Fastest path to stronger coverage
- Prioritize HPL sheets and compact laminate panels first. These appear in the most specs and yield the largest commercial upside when covered.
- Align the PCR selection to the dominant competitor set in your target market, then choose a program operator that matches the geographies you sell into. INIES is expected for France. IBU or EPD International are common across the EU. SCS Global Services is frequently used in North America.
- Build once, renew on rhythm. Lock a consistent reference year, centralize utility and production data, and plan rolling updates so declarations never lapse simultaneously. If data is light for a new line, a prospective EPD can still get you into projects sooner, then be refreshed after a full year of production.
Risk and upside check
Limited EPD coverage on core laminates means Polyrey can be dropped from projects that require product‑specific declarations, even when design teams love the decor. Conversely, adding EPDs to the top ten selling SKUs can unlock more invitations to bid, fewer substitutions, and shorter back‑and‑forth on compliance. That is real time saved and real revenue protected. Some teams still loose winnable specs simply because the paperwork is missing.
Final thought
Polyrey’s design bench is deep and the product engineering is proven. The opportunity is to match that brand equity with broad, easy‑to‑find product‑specific EPDs for everyday laminates and compacts. Do that, and the conversation goes back to color, texture, and lead time, not to whether a declaration exists.

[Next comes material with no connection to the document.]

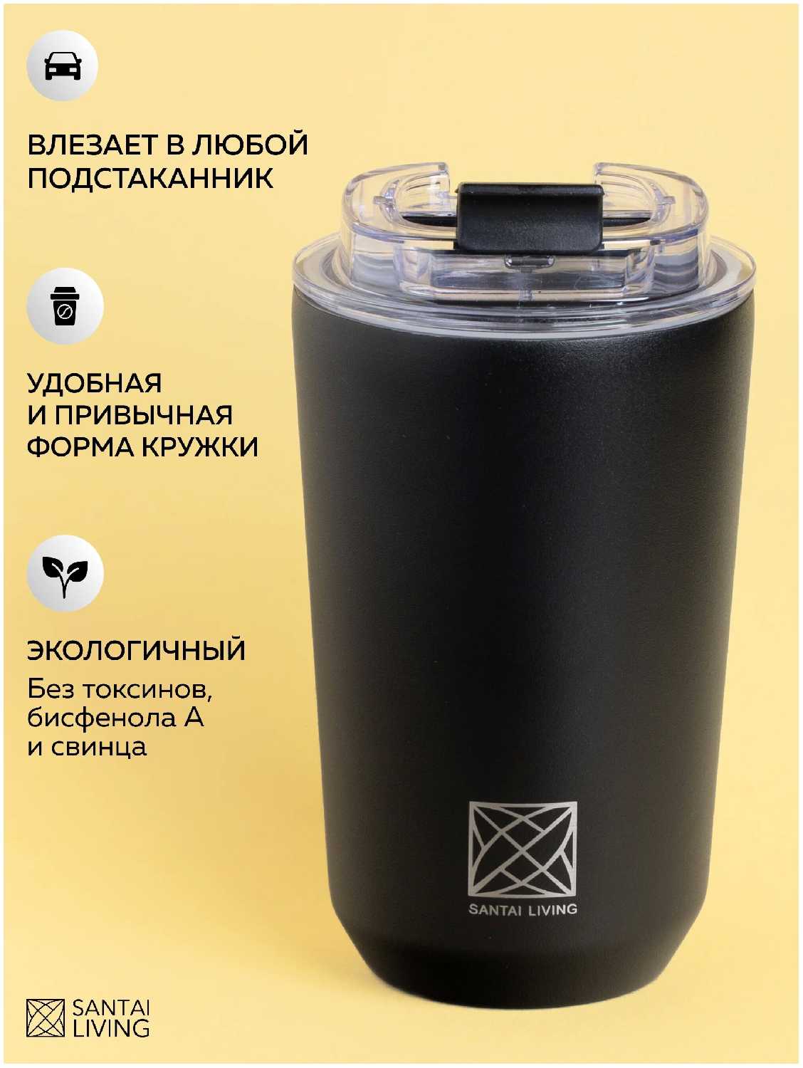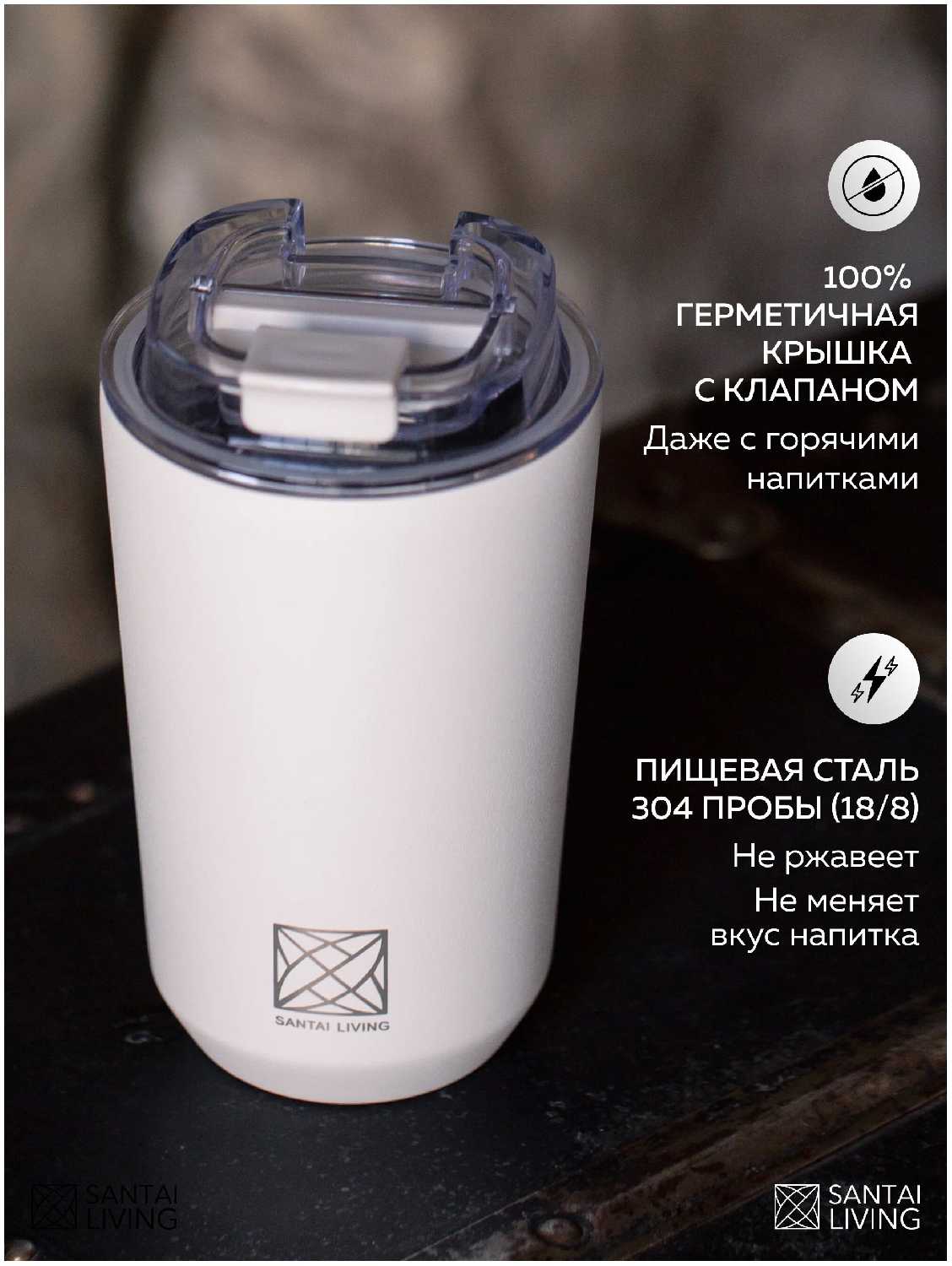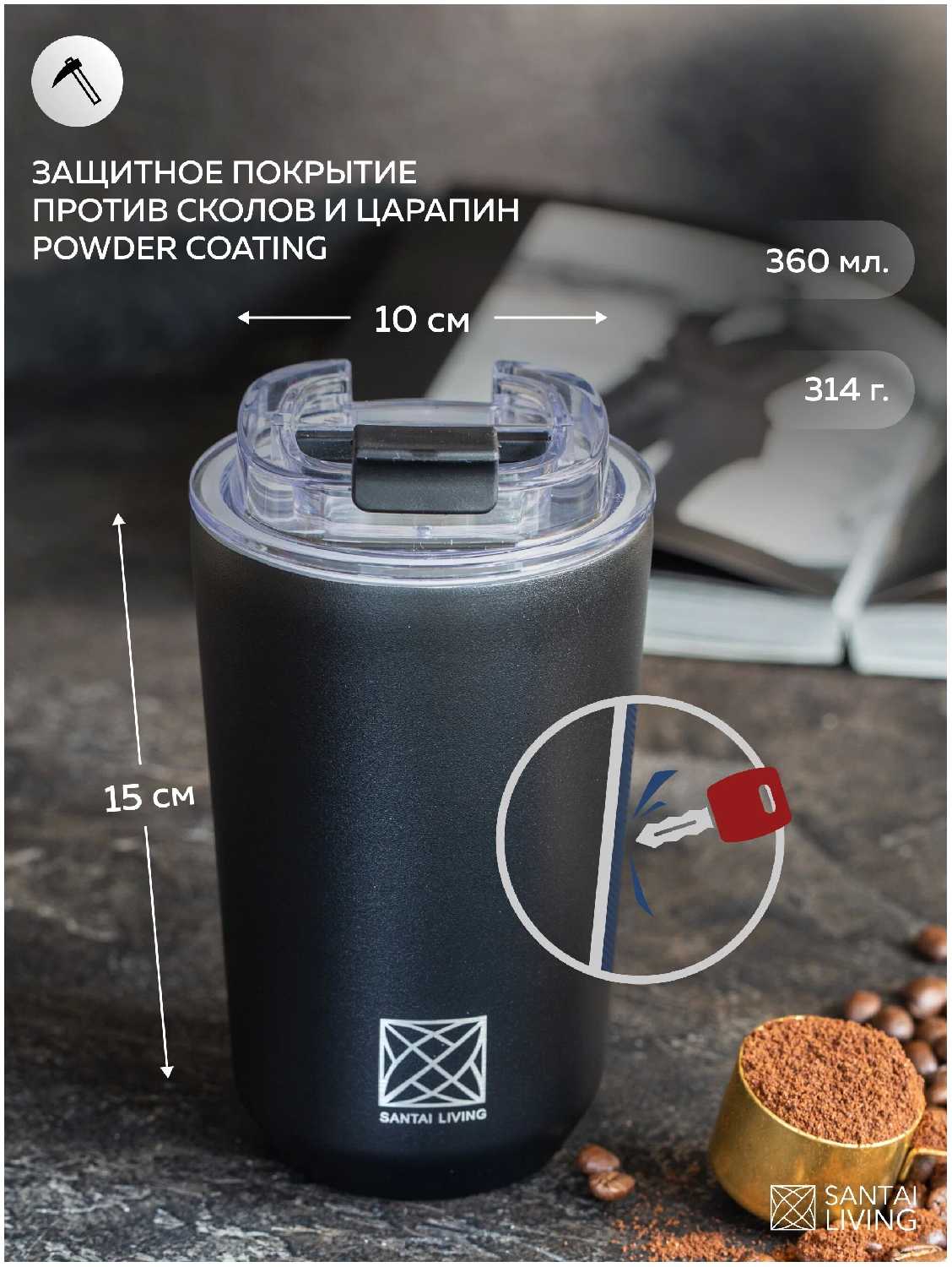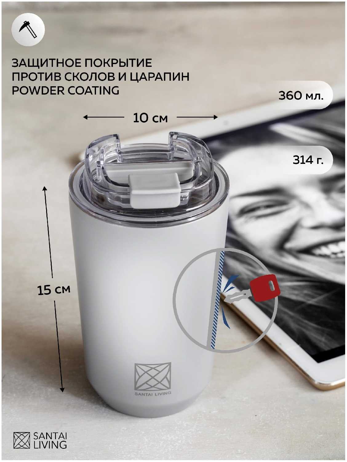 - Кружка сохраняет напиток горячим до 5 часов (по отзывам) благодаря двойным стенкам из нержавеющей стали.

Frequently Asked Questions
Does France require product‑specific EPDs for laminates to comply with RE2020?
RE2020 building assessments in France use product‑specific FDES when available, and otherwise apply conservative default datasets. More than 5,500 FDES are now available in INIES, which signals market expectation for verified declarations (INIES, 2026).
How many Polyrey designs and finishes are offered today?
Polyrey states over 800 designs and 18 finishes across its decorative range (Polyrey, 2026).
Where can we find Polyrey’s certifications and hygiene data?
See Polyrey’s Environment page for VOC, GREENGUARD Gold, and ISO management system certificates plus technical reports (Polyrey Environment).